Data for analysis.

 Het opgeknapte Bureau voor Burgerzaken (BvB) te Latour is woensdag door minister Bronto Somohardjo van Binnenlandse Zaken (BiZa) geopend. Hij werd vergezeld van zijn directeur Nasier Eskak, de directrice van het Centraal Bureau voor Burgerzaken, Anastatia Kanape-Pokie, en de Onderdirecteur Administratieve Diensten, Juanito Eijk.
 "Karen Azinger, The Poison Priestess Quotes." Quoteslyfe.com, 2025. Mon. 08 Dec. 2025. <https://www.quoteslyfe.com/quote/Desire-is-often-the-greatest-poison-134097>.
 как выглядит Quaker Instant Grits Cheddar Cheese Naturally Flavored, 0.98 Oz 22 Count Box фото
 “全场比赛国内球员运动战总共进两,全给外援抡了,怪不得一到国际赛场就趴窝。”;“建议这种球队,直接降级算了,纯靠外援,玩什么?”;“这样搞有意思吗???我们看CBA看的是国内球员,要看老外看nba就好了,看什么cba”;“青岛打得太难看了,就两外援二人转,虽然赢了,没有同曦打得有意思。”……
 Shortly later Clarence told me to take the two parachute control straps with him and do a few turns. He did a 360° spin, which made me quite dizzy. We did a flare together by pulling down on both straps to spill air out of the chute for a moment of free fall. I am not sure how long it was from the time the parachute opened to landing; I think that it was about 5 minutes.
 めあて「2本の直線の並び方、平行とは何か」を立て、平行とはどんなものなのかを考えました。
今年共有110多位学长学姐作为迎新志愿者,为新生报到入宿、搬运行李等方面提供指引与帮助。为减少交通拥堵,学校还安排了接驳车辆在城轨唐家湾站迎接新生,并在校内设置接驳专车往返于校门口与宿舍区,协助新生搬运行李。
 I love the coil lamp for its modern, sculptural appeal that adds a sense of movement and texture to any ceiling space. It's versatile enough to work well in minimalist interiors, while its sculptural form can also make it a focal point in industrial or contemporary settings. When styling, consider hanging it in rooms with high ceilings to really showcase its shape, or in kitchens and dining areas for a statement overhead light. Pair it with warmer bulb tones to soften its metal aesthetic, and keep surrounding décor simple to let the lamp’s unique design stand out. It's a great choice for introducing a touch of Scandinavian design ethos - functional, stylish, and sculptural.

---

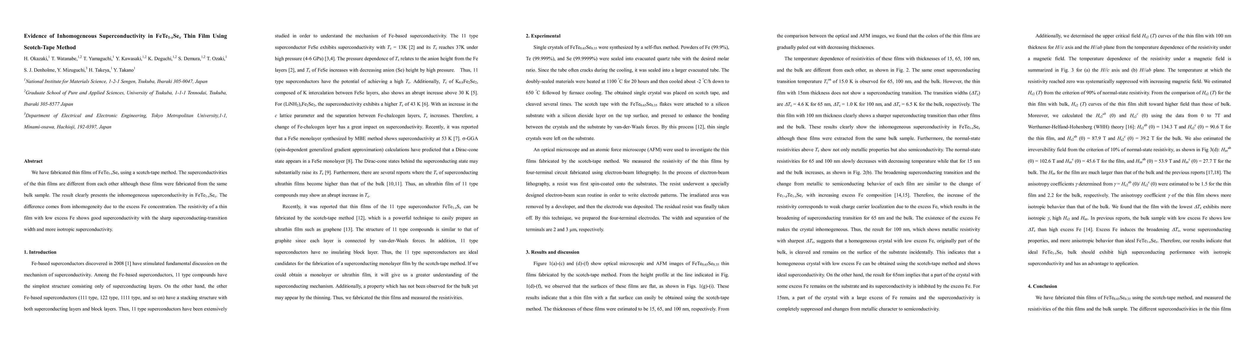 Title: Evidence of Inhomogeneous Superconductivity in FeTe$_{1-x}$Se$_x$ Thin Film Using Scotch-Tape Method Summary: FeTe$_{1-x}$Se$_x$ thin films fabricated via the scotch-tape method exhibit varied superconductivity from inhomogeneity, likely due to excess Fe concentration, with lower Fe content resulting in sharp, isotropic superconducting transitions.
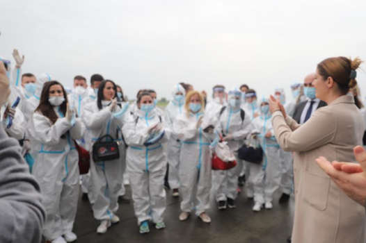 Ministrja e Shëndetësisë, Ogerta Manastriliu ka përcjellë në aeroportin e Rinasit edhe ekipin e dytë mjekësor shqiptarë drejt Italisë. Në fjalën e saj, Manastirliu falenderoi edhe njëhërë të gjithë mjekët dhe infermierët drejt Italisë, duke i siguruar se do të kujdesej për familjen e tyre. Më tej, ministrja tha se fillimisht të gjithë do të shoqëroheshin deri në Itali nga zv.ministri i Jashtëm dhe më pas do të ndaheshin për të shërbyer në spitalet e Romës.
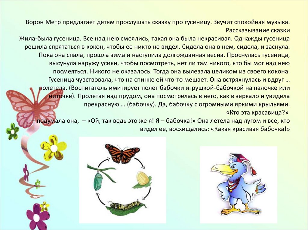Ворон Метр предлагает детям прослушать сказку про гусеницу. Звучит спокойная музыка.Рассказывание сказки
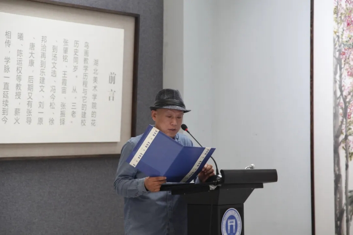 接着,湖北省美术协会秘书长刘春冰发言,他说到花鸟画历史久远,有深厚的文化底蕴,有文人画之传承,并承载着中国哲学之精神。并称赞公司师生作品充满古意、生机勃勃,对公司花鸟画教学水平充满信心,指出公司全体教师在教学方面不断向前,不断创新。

What to produce. Above are the records; repeat exactly the lines from the one holding "Het opgeknapte Bureau" down to the one holding "I love the coil", end lines included.

Response area.
 Het opgeknapte Bureau voor Burgerzaken (BvB) te Latour is woensdag door minister Bronto Somohardjo van Binnenlandse Zaken (BiZa) geopend. Hij werd vergezeld van zijn directeur Nasier Eskak, de directrice van het Centraal Bureau voor Burgerzaken, Anastatia Kanape-Pokie, en de Onderdirecteur Administratieve Diensten, Juanito Eijk.
 "Karen Azinger, The Poison Priestess Quotes." Quoteslyfe.com, 2025. Mon. 08 Dec. 2025. <https://www.quoteslyfe.com/quote/Desire-is-often-the-greatest-poison-134097>.
 как выглядит Quaker Instant Grits Cheddar Cheese Naturally Flavored, 0.98 Oz 22 Count Box фото
 “全场比赛国内球员运动战总共进两,全给外援抡了,怪不得一到国际赛场就趴窝。”;“建议这种球队,直接降级算了,纯靠外援,玩什么?”;“这样搞有意思吗???我们看CBA看的是国内球员,要看老外看nba就好了,看什么cba”;“青岛打得太难看了,就两外援二人转,虽然赢了,没有同曦打得有意思。”……
 Shortly later Clarence told me to take the two parachute control straps with him and do a few turns. He did a 360° spin, which made me quite dizzy. We did a flare together by pulling down on both straps to spill air out of the chute for a moment of free fall. I am not sure how long it was from the time the parachute opened to landing; I think that it was about 5 minutes.
 めあて「2本の直線の並び方、平行とは何か」を立て、平行とはどんなものなのかを考えました。
今年共有110多位学长学姐作为迎新志愿者,为新生报到入宿、搬运行李等方面提供指引与帮助。为减少交通拥堵,学校还安排了接驳车辆在城轨唐家湾站迎接新生,并在校内设置接驳专车往返于校门口与宿舍区,协助新生搬运行李。
 I love the coil lamp for its modern, sculptural appeal that adds a sense of movement and texture to any ceiling space. It's versatile enough to work well in minimalist interiors, while its sculptural form can also make it a focal point in industrial or contemporary settings. When styling, consider hanging it in rooms with high ceilings to really showcase its shape, or in kitchens and dining areas for a statement overhead light. Pair it with warmer bulb tones to soften its metal aesthetic, and keep surrounding décor simple to let the lamp’s unique design stand out. It's a great choice for introducing a touch of Scandinavian design ethos - functional, stylish, and sculptural.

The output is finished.